Secrets of the Skinny Bitch

I'm 5' 4",  I weigh around 132 pounds on the scale. I can comfortably fit into a pair of size 4 skinny jeans and I ordered my wedding dress in a size 6 (no alteration necessary).  I usually order my race t-shirts in an XS and a few times they have still been too big.  I might not have the figure of a runway model, but I think we can agree that I qualify on some level as skinny.  In fact, I've always been this way.

Lot of presumptions are made about women based on their size, most of them are wrong.  Here's what people don't know about being skinny.

Skinny isn't Healthy.  While I've always been thin, I haven't always been healthy.  I've gone years without doing any real exercise, I've lived off of a fast food diet and I think of mac-n-cheese as a food group.  In high school I had a significant health concern that lead to me having a hard time eating normal food, and yes, I got thinner, but not exactly healthier.

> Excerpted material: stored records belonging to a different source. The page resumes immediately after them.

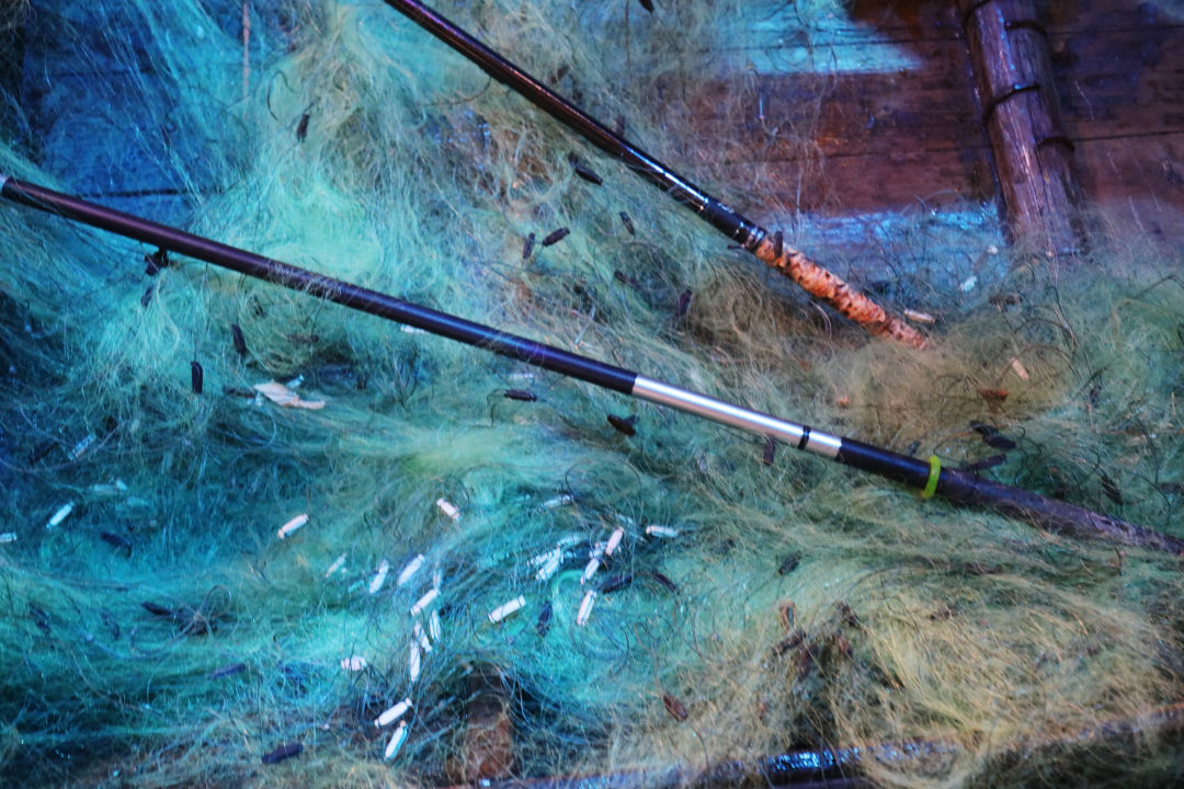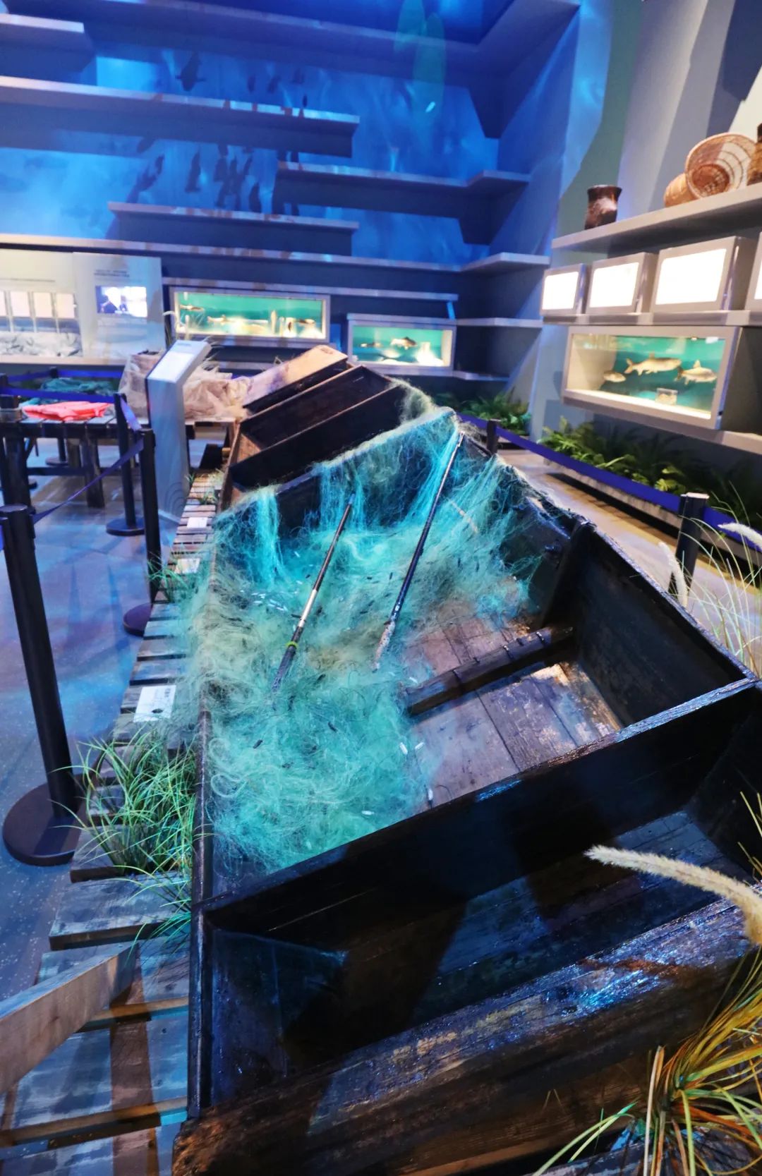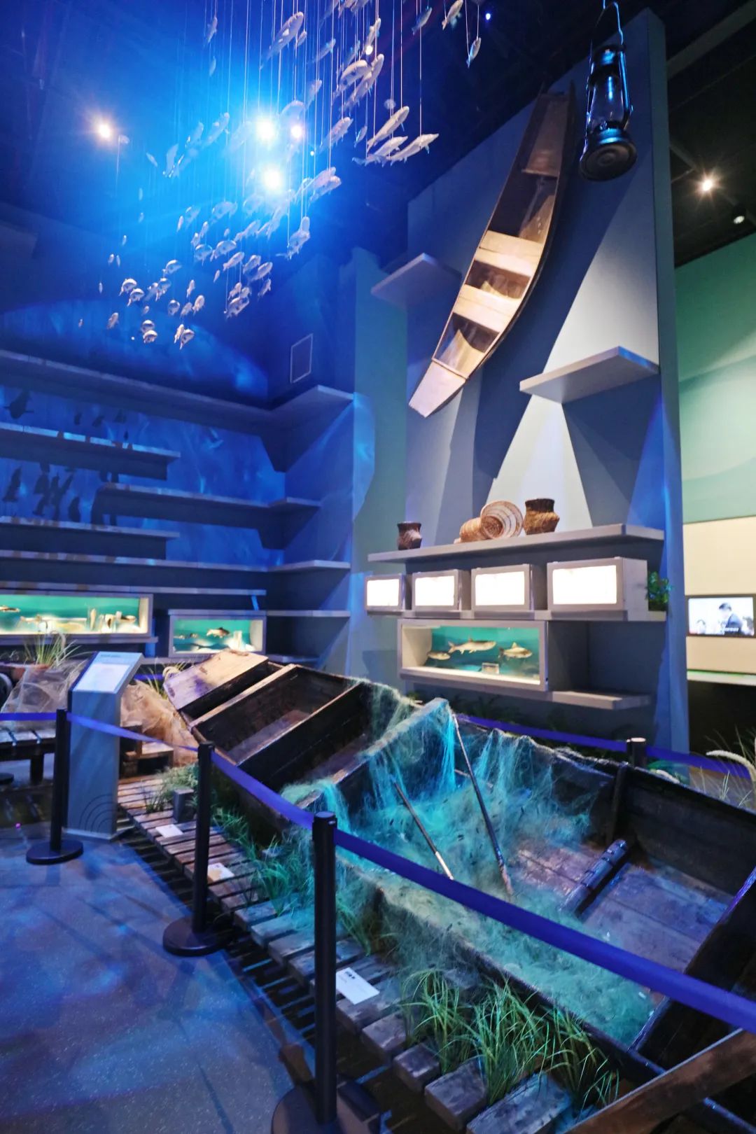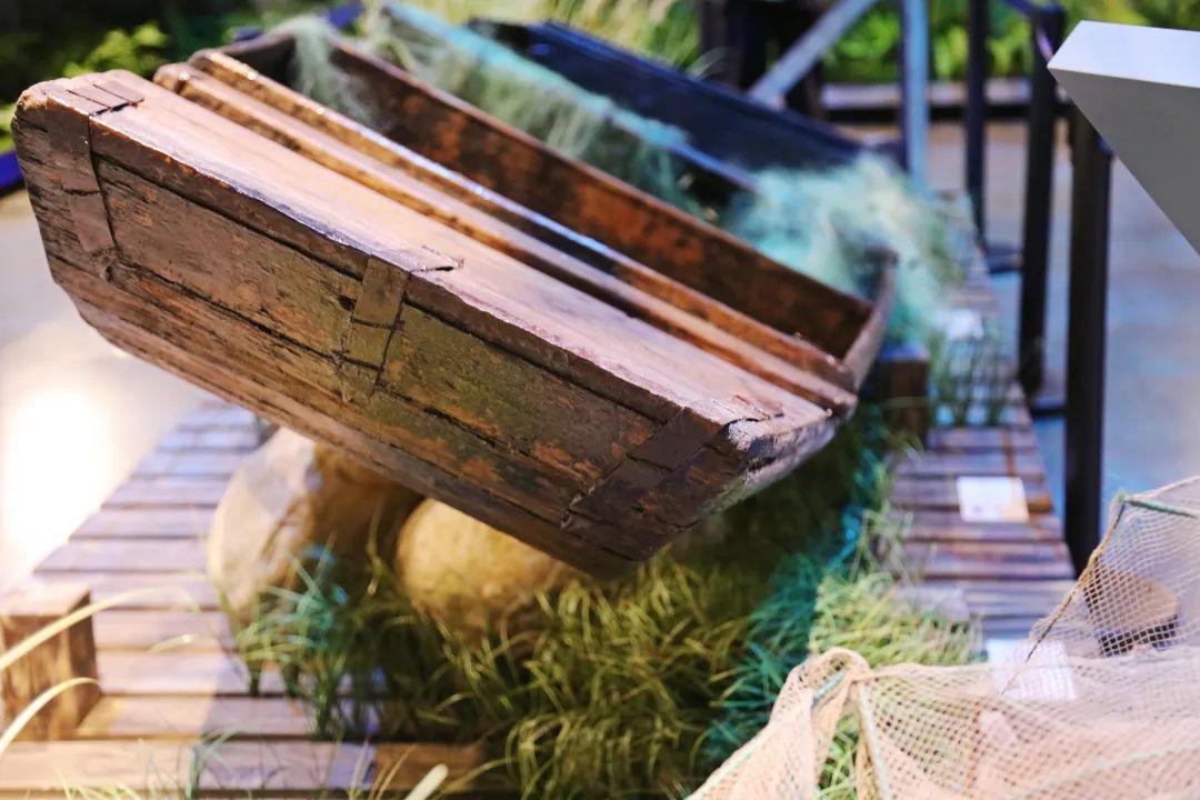受水域污染、过度捕捞等影响,长江水生生物的生存环境日趋恶化,生物多样性指数持续下降。长江文明馆通过武汉市农业综合执法支队联系到江夏区农业农村局和江夏区南北咀综合开发总公司,征集到退捕的渔船、收缴的渔具等“长江十年禁渔计划”见证物共20件,打造集科技、创意、视觉艺术于一体的全新展厅,在流动的光影里展现长江之美。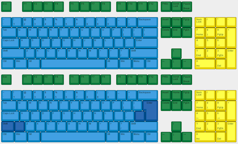 표준 레이아웃 (ANSI 또는 ISO 등)은 일반적으로 문자와 수정자에 1u를 사용하지만 Shift(2.25u/2.75u) , Spacebar(6.25u 또는 7u) , Enter(L자 모양 또는 1.25u) 와 같은 더 큰 키는 다양합니다.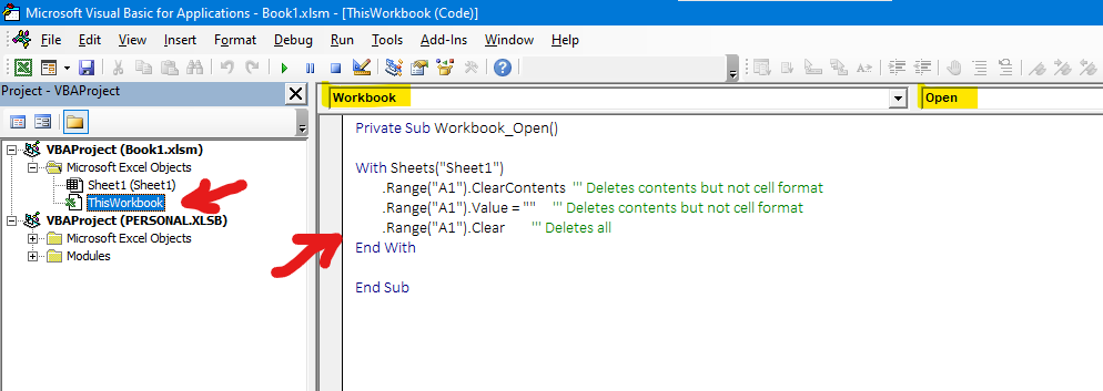 1- The code goes on the Thisworkbook module Procedure as shown in the picture below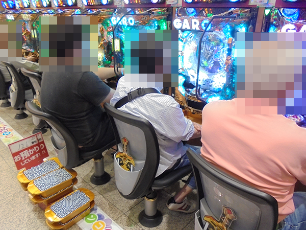 16時を過ぎた頃の4円パチンコでは、「CR牙狼 魔戒ノ花」や「CR真・花の慶次」といったMAXタイプが盛況。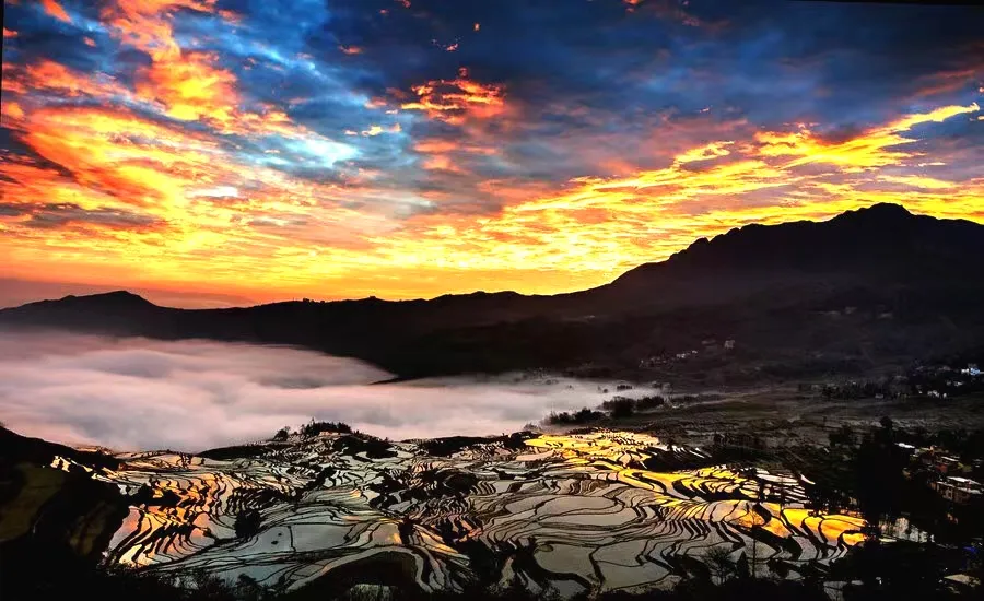 亮点:多依树日出+蓝色梯田+阿者科村蘑菇房+梯田轻徒步+屏边大围山,自然与人文结合!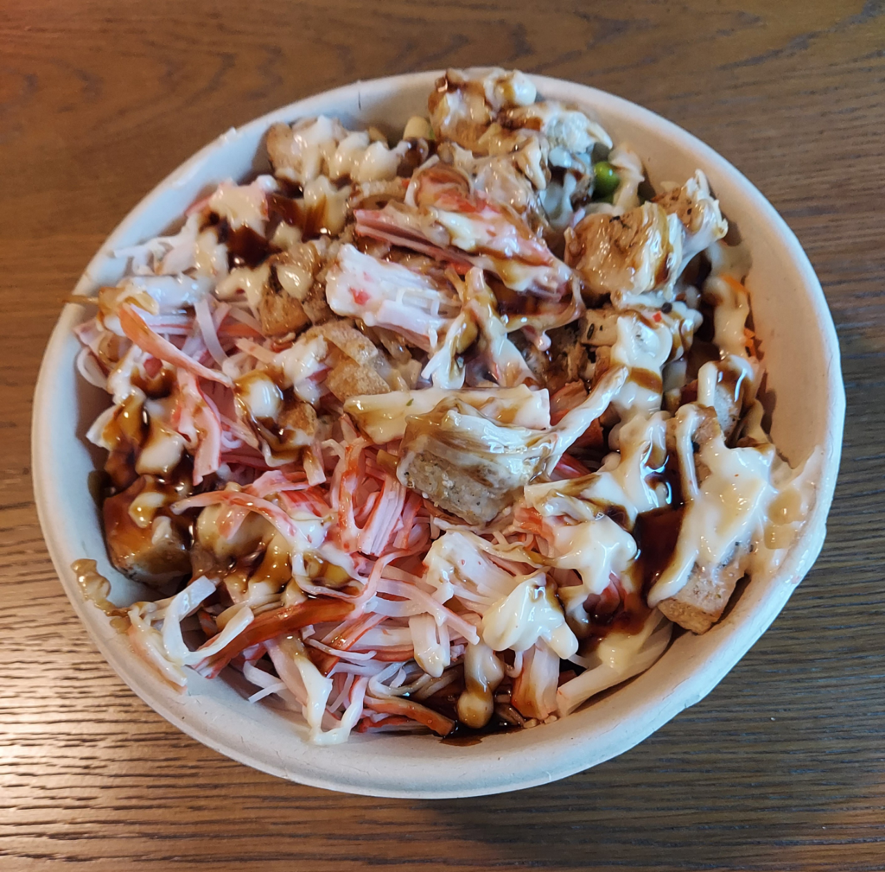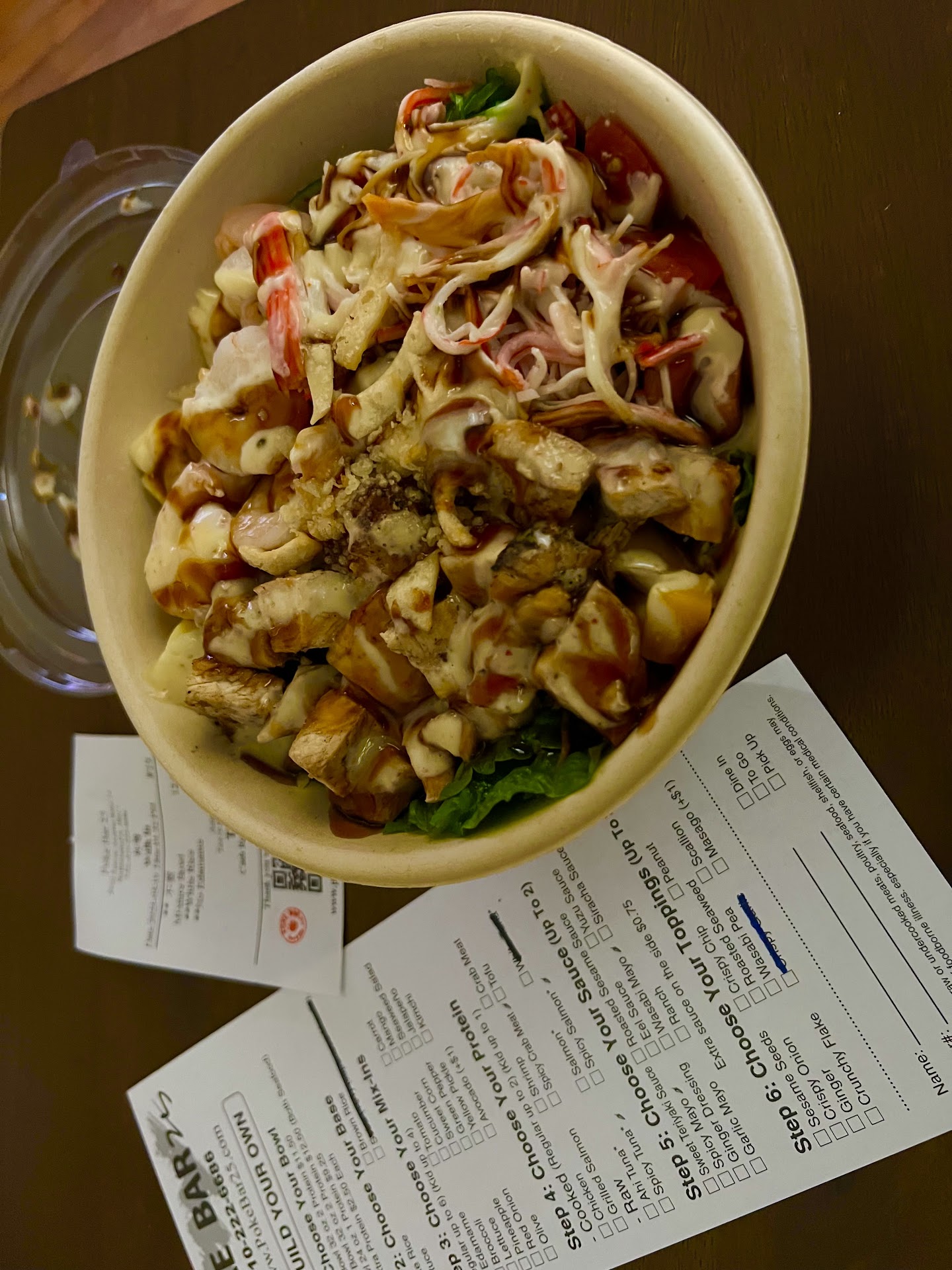 Read moreI want to preface my review by saying this is my first ever poke bowl. However in saying that, the bar has now been placed very high for any other place that I will try one at. That's how good this poke bowl was! I got the mixture bowl (chicken, shrimp, crab, white rice, veggies, pineapple, garlic mayo and eel sauce, etc) and it was quite amazing! The portion was huge and I wasn't able to eat it in one sitting! Everything was super fresh and it was a great combination of flavors & the sauces on top - perfection! I took my food to go, but I would definitely come back and eat inside when I have the time as it was super clean, bright and a very cute cafe type atmosphere. Everyone was very nice and my food was made right in front of me and the whole process was very quick. I would definitely recommend you try it! I will be back. *Update. Still giving 5 stars. Returned with my hubby and we ate inside. Food was super good and he had his first ever poke bowl and enjoyed it. He did the build your own with chicken and shrimp, veggies, mango & a sweet teriyaki sauce. Definitely recommend. Staff super friendly, place is clean. His only complaint was the music which was almost...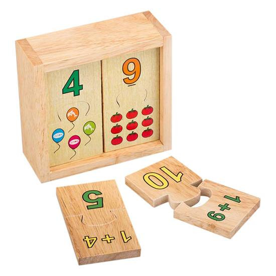 Bộ Ghép Số Học Đếm Bằng Gỗ sản phẩm được làm từ chất liệu gỗ tự nhiên, bề mặt nhẵn mịn, không góc cạnh, sản phẩm đảm bảo mang đến sự an toàn tuyệt đối cho bé khi sử dụng. Bộ học đếm và ghép 10 số gồm các con số từ 0 đến 9 được in trên bề mặt gỗ thông, tương ứng với mỗi con số là số lượng các loại trái cây khác nhau. Bé sẽ tìm đúng con số tương ứng với số lượng trái cây in trên miếng ghép để ghép lại với nhau. Tất cả các con số, trái cây trên mặt các thanh gỗ đều có những màu sắc sặc sỡ khác nhau giúp bé nhận diện màu sắc, giúp bé hình dung và nhận biết được hình dạng các loại trái cây mà bé vẫn ăn hàng ngày.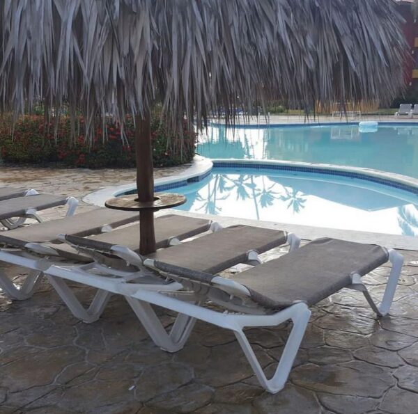Fabricada en resina de polipropileno reciclable y tejido recambiable PVC poliéster.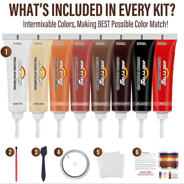 Łatwo napraw zarysowania od zwierząt, przecięcia, przypalenia, zużycie, blaknięcie i pęknięcia na powierzchniach skórzanych.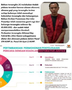 Perkara ini memenuhi syarat sesuai Peraturan Jaksa Agung Nomor 15 Tahun 2020, antara lain tersangka baru pertama kali melakukan tindak pidana, ancaman pidana tidak lebih dari lima tahun, serta kerugian yang ditimbulkan telah dipulihkan.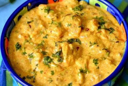 Dies ist die Herrlichkeit der indischen Küche. Durch die Herstellung der kleinen Blüten von Gram Mehl werden sie in der würzigen Soße von Gram Mehl und Joghurt gekocht. Der Kadhi ist in vielen Staaten von Indien hergestellt, aber in jedem Zustand ist der Geschmack des Kadhi anders.

Skinny isn't Bitchy.  I've spent more time being teased than teasing.  In fact, the mean things I've said have been largely out of ignorance and not out of intention.  In a few cases, I've been bullied by someone who was significantly larger than me.  In highschool, my friends thought it acceptable joke about me being anorexic (I was not), but clearly not something to treat casually.  Side note: there is this idea that women with leadership qualities are also bitchy... but that is not what I'm talking about here.

Skinny isn't Perfection.  My life has had a ton of ups and downs.  I've struggled through heartache, not feeling good enough, not accepting myself, worrying if anyone likes me.  It's taken me a long time to know how to make real friends... or find real friends, one of the two.  My first marriage, career and house all failed on some level.

Skinny isn't Dumb.  My hair is blond too by the way... though it's getting darker naturally, and I'm also starting to dye it darker.  Can we just be done with that Skinny Blonde Bimbo stereotype?  Do I really need to explain this one?  Well...  case and point:  I have my bachelors in both Engineering and Math, I scored above the 90th percentile on the GRE, yet every fall I have to work through several of my students surprise as I once again have to prove, that yes, an attractive women is allowed to teach math.

Skinny isn't Anything.  It's not anything I worked for, it's not a moral I've maintained, it's not something I obsessed over by counting calories or punishing myself for eating cheese.  It hasn't fixed my love life, though perhaps at times made it difficult, longer explanation needed.

Skinny is just privilege.  Shopping has been easier, as my size is usually carried at stores, but that is not a cake walk either.   There are still issues with how things fit and not necessarily being model proportions. People assume I'm healthy, that I exercise and eat right, even when I often don't.  Also, I don't know how to lose weight, because I never really have.

My point is that the only thing we can conclude about someone's size is that.  As a skinny person the hurtful assumption are much less hurtful to me as they are to the people who aren't thin.  Getting to a certain size is not a magic life fix, and the only things that might improve are purely a result of poorly we treat larger people, which I don't think should be the case in the first place.  Can we work to make it that way?